(521d) Designing Single-Atom Sites for Regio- and Stereo-Selective Conversions By Self-Assembled Monolayers of Phosphonic Acids

Atomically disperse catalysts have gained interest due to their structural homogeneity, resulting in higher overall selectivity when compared to nanoparticle counterparts; however, there is still room for improvement for highly regioselective and stereoselective chemical conversions over these sites, such as hydroformylation and directed hydrogenations. Significant research has been conducted to make highly selective and active organometallic catalytic systems, providing a variety of techniques to cater active sites through steric and electronic modification. These techniques lend themselves to be translated to modification of isolated sites through self-assembled monolayers on the support, directing reaction pathways through adsorbate-ligand interactions as well as metal-ligand interactions. Previously, we modified site-isolated Rh₁/TiO₂ with a series of substituted benzyl phosphonic acids. We found that modification of the support by phosphonic acids reduced increased absolute hydroformylation activity by up to 18× compared to the unmodified case at 150°C. The bite angle of adsorbed carbon monoxide, as determined from infrared spectra, correlated with hydroformylation activity – indicating a local confinement effect. These findings demonstrate that Rh₁ active sites are highly sensitive to modification of the support.

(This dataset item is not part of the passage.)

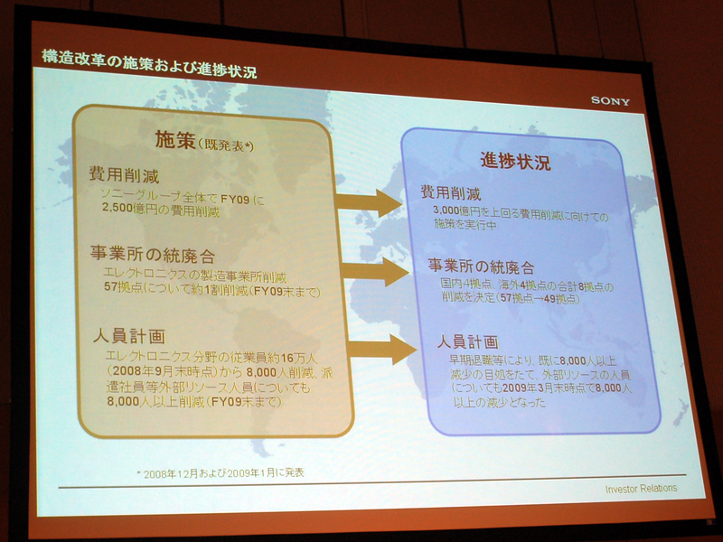 ソニー、2008年度決算を発表 - 今期は構造改革で損失縮小見込む

Here, we explore the use of phosphonic acid ligands to confine the active site and induce regioselective hydroformylation of styrene and stereoselective hydrogenation of 4-terpeninol. Preliminary results show that introduction of phosphonic acids to the surface shifts selectivity to products that are sterically favorable. In both hydroformylation and hydrogenation, these impacts are likely due to limiting the modes in which the large substrate can approach the narrow active site, causing modified catalysts to prefer “upright”, sterically-favored products.